Despite the apparent consistency of the data concerning memory CD8+ T cells, their interpretations differ. Radbruch's group proposes that these data suggest similarity between bone marrow memory CD8+ T cells and peripheral TRM cells, reinforcing the concept that a resting non-proliferative state following antigen clearance is the hallmark of memory CD8+ T cells8,9. These authors suggest that the number of memory CD8+ T cells proliferating in the bone marrow is negligible and may have been overestimated owing to a BrdU-related artefact9. They also showed by RNA microarray analysis that bone marrow memory CD8+ T cells resembled their spleen counterparts and that both had overtly different transcriptomes from memory CD8+ T cells stimulated in vitro9. Moreover, they have suggested that bone marrow memory CD8+ T cells are sessile, as up to 60% of them express CD69, a molecule that in CD4+ T cells is essential for retention in the bone marrow8,9. Finally, they suggest that the colocalization of bone marrow memory CD8+ T cells with IL-7-producing stromal cells supports the idea of IL-7-driven survival of memory CD8+ T cells in the absence of proliferation9.
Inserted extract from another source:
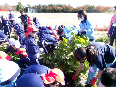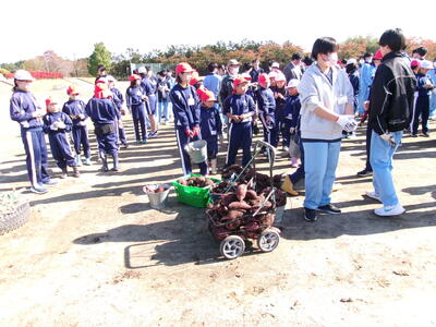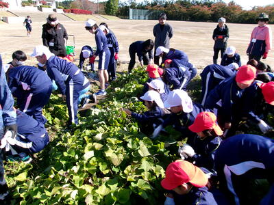 5月26日に園児、児童、生徒で植えたさつまいもを本日収穫しました。こども園さんが参加できなかったのが残念でしたが、おいしそうな大きなサツマイモがたくさんとれました。こども園さんにはおすそ分けしたいと思います。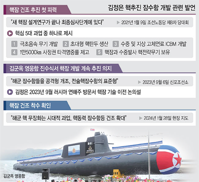 특히 김 위원장은 지난해 9월 러시아에서 블라디미르 푸틴 대통령과 가진 정상회담에서 포탄 및 신형 미사일 지원 대가로 소형 원자로 핵잠 기술 등을 제공받을 것이라는 보도가 나온 지 4개월 만에 그동안 지지부진하던 핵잠 개발에 속도를 내는 것으로 알려지면서 대책 마련이 시급하다는 지적이 나온다.

However, it could be argued that although the frequency of memory CD8+ T cells that are dividing in the bone marrow is low, the absolute numbers of proliferating memory CD8+ T cells is much higher in the bone marrow than in the spleen and lymph nodes3,4. As regards BrdU-related artefacts, they may occur at high BrdU doses9 but seem uncommon at the standard BrdU dose that was used in bone marrow T cell studies3,4,12. Notably, recent adoptive transfer experiments in genetically modified mice have shown that IL-15 in the bone marrow promotes proliferation and inhibits interleukin-7 receptor subunit-α (IL-7Rα) expression in memory CD8+ T cells, independently of antigen co-transfer or treatment with innate receptor agonists13. In respect to molecular data9, it is perhaps not surprising that transcription profiles were highly diverse when comparing ex vivo-isolated and in vitro-stimulated cells; besides, some differences between freshly obtained spleen and bone marrow CD44hiCD8+CD3+ T cells might have been missed owing to the cell sorting strategy. For instance, IL-7Rαhi, but not IL-7Rαlow, T cells were selected for analysis, and yet IL-7Rαlow T cells are enriched in the bone marrow8,13, reflecting in vivo exposure to IL-15 (Ref. 13). Moreover, global transcription data, CD69 expression profiles and colocalization in tissue sections do not address in vivo T cell migration. In fact, in situ-labelling studies and parabiosis experiments have shown that memory T cells do recirculate to and from the bone marrow5,6.

In conclusion, the available evidence supports the view that the bone marrow is a 'stopping point' where recirculating memory CD8+ T cells are stimulated to proliferate before continuing to move around the body3,4,12,13. Notably, lodging into the bone marrow is a competitive process among memory T cells14, which is an element to be considered especially in interpretation of adoptive transfer data11,14. Furthermore, reported diversities in the repertoire of antigen specificity between human bone marrow and blood memory CD4+ T cells after in vitro restimulation8 might reflect several features, including: differences in T cell recruitment into the bone marrow, undetected ongoing responses against common pathogens (for example, Candida albicans and Cytomegalovirus) and differences between in vitro and in vivo responses. Finally, recent parabiosis experiments demonstrated that a small percentage (up to 5%) of memory CD8+ T cells in the spleen and lymph nodes are non-migratory15. Therefore, it is possible that a minor population of memory CD8+ T cells in the bone marrow (as opposed to the majority) might be sessile, but direct evidence for this is lacking at the moment.